**Work required**.
Nothing but the lines from the one including "Il contributo garantito" through the last line of the entries, restated exactly, should appear in the answer; omit the pictures.
Top of Dataset entries
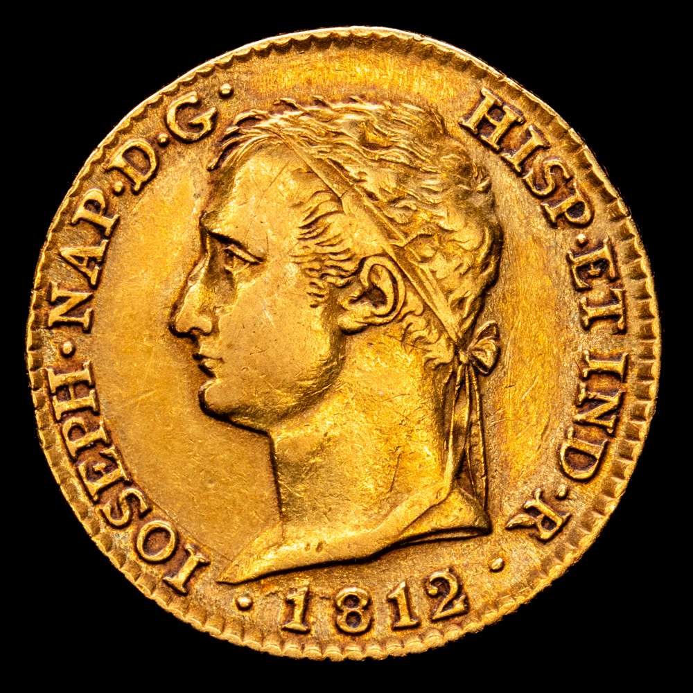 Jose Napoleón. 80 Reales. (6,69 g.). Madrid. 1812/1 . A·I. (AC.50). Busto diademado. Pátina de monetario antiguo.
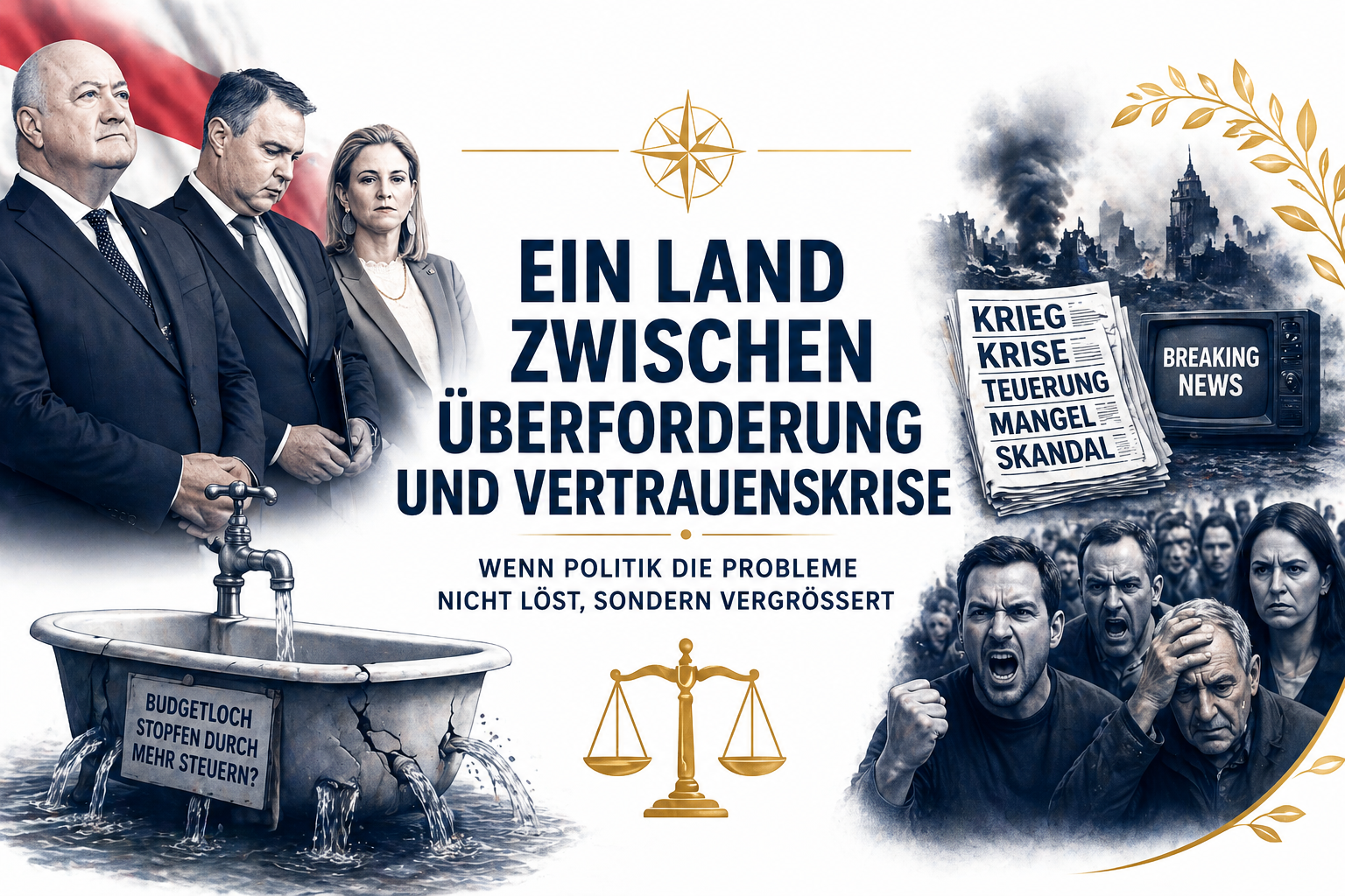 Letztendlich erkennt der Österreicher, spät, aber doch, dass das von ihm gewählte Parlament eine Regierung bestellt hat, deren Spitzen den geschilderten Ereignissen nicht gewachsen sind. Man versucht durch immer neue Steuern die riesigen Budgetlöcher zu stopfen- wie ein Installateur, der durch Aufdrehen des Wasserhahns das Ausrinnen einer löchrigen Badewanne verhindern will. Due tieferen Ursachen des Übels werden nicht angegangen. (Dazu in nächster zeit mehr).
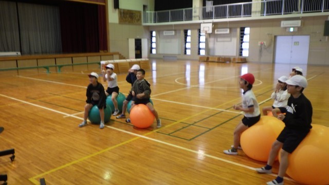 バランスボールに乗り「パプリカ」の曲に合わせてダンスをしたり、平均台やとび箱を使って「ドンじゃんけん」をしたりしました。
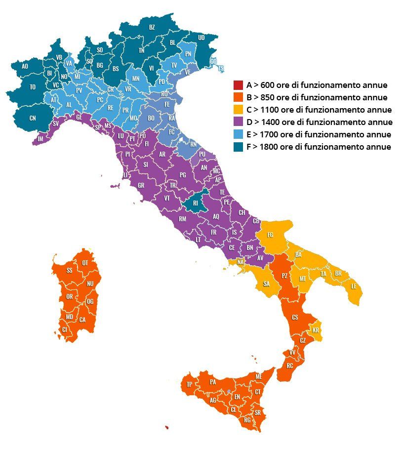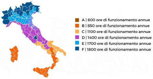 Il contributo garantito dal Conto Termico varia a seconda della potenza dell’apparecchio, delle sue emissioni e della zona climatica in cui sarà installato. Lo scopo è quello di regolamentare le fasce di consumo di energia su tutto il territorio nazionale, identificando zona per zona le temperature medie. Le zone identificate sono 6, e vengono espresse con delle lettere, dalla A (minor consumo) alla F (maggior consumo).
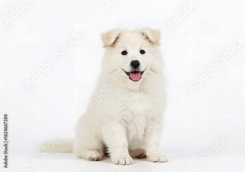 puppy, dog, canino, pet, animal, white, shepherd, swiss, breed, pedigree, cute, adorable, fluffy, happy, playful, young, studio, portrait, domestic, mammal, friends, companion, purebred, isolated, background, sitting, posing, looking, smiling, tongue, ear, eye, fur, furry, small, little, innocent, friendship, love, care, health, wellness, well-being, veterinary
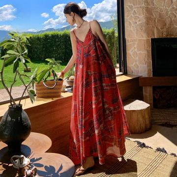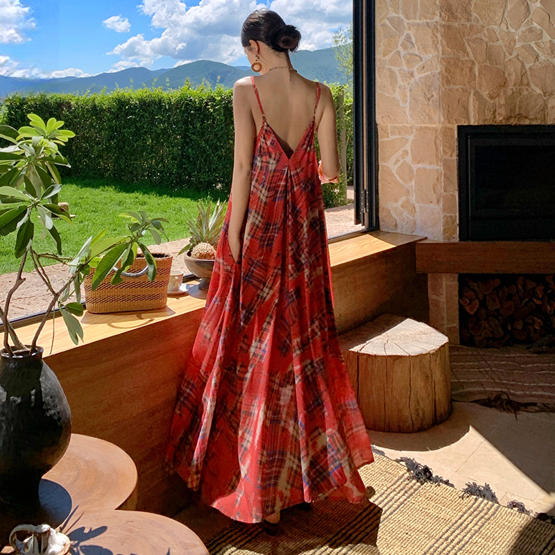 BY13088# 法式复古格纹吊带连衣裙设计感小众不规则下摆辣妹长裙夏 服裝批發女裝批發服飾貨源
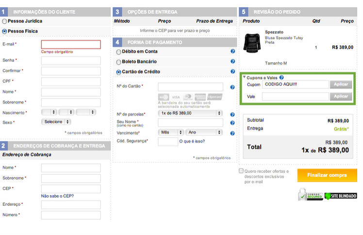 - Na hora de finalizar a compra, cole o código de desconto no campo “Cupons e Vales”!
Bottom of Dataset entries
**Answer to this problem**.
 Il contributo garantito dal Conto Termico varia a seconda della potenza dell’apparecchio, delle sue emissioni e della zona climatica in cui sarà installato. Lo scopo è quello di regolamentare le fasce di consumo di energia su tutto il territorio nazionale, identificando zona per zona le temperature medie. Le zone identificate sono 6, e vengono espresse con delle lettere, dalla A (minor consumo) alla F (maggior consumo).
 puppy, dog, canino, pet, animal, white, shepherd, swiss, breed, pedigree, cute, adorable, fluffy, happy, playful, young, studio, portrait, domestic, mammal, friends, companion, purebred, isolated, background, sitting, posing, looking, smiling, tongue, ear, eye, fur, furry, small, little, innocent, friendship, love, care, health, wellness, well-being, veterinary
 BY13088# 法式复古格纹吊带连衣裙设计感小众不规则下摆辣妹长裙夏 服裝批發女裝批發服飾貨源
 - Na hora de finalizar a compra, cole o código de desconto no campo “Cupons e Vales”!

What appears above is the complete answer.